SSLProtocol all -SSLv3 -TLSv1 -TLSv1.1
SSLProxyProtocol all -SSLv3 -TLSv1 -TLSv1.1
    5. Add the following lines somewhere after line #55: 
      SSLCompression off 
SSLSessionTickets off
    6. Uncomment the following lines: 
      SSLUseStapling On
SSLStaplingCache "shmcb:C:/Ixiasoft/Apache24/logs/ssl_stapling(32768)"
      In a large environment the 32868 value might need to be higher. Contact IXIASOFT for more information.
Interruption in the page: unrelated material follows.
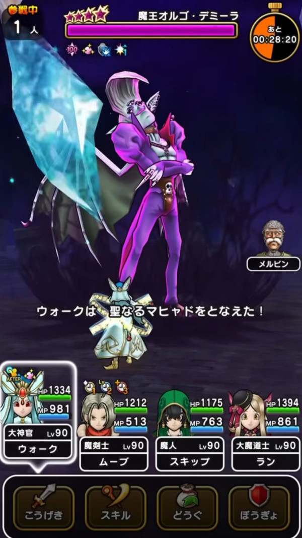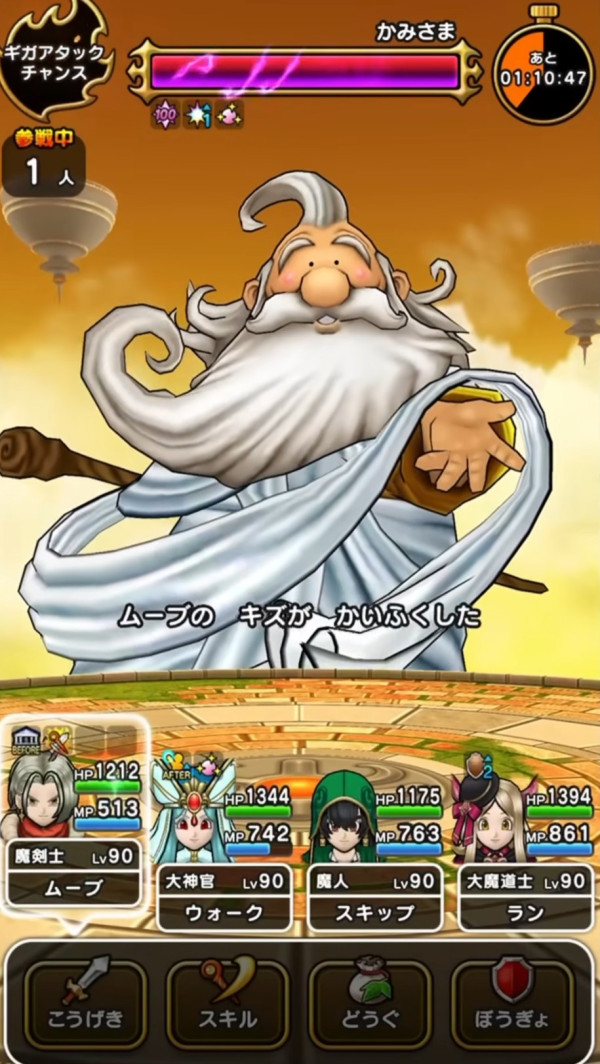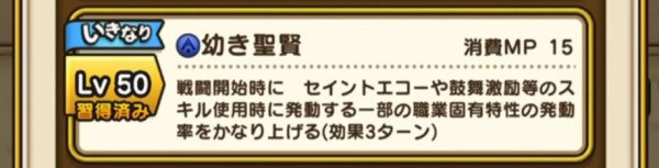 | 永続パッシブ | 僧侶レベル50(かいふく魔力+10) 踊り子レベル50(かいふく魔力+10) 遊び人レベル55(かいふく魔力+5) 賢者レベル90(かいふく魔力+15) スパスタレベル90(かいふく魔力+15) 大神官レベル70(かいふく魔力+30) |

    7. Add the following line in the end of the file just before the </VirtualHost> line: 
      Include conf/extra/reverse-proxy.conf
  6. If you want Apache to run as a system service, do the following:
    1. Navigate to the apache bin folder, open a command window as an administrator, and enter the following command: 
      httpd.exe -k install
    2. Start the Apache 2.4 service either from the Services console or by running a command line as an administrator and entering the following command: 
      httpd.exe -k start
    Tip: Later, if necessary, you can stop the service either from the Services console or by using the httpd.exe -k stop command.
    Tip: If you later want to uninstall the service, you must first stop the service and then use the httpd.exe -k uninstall command.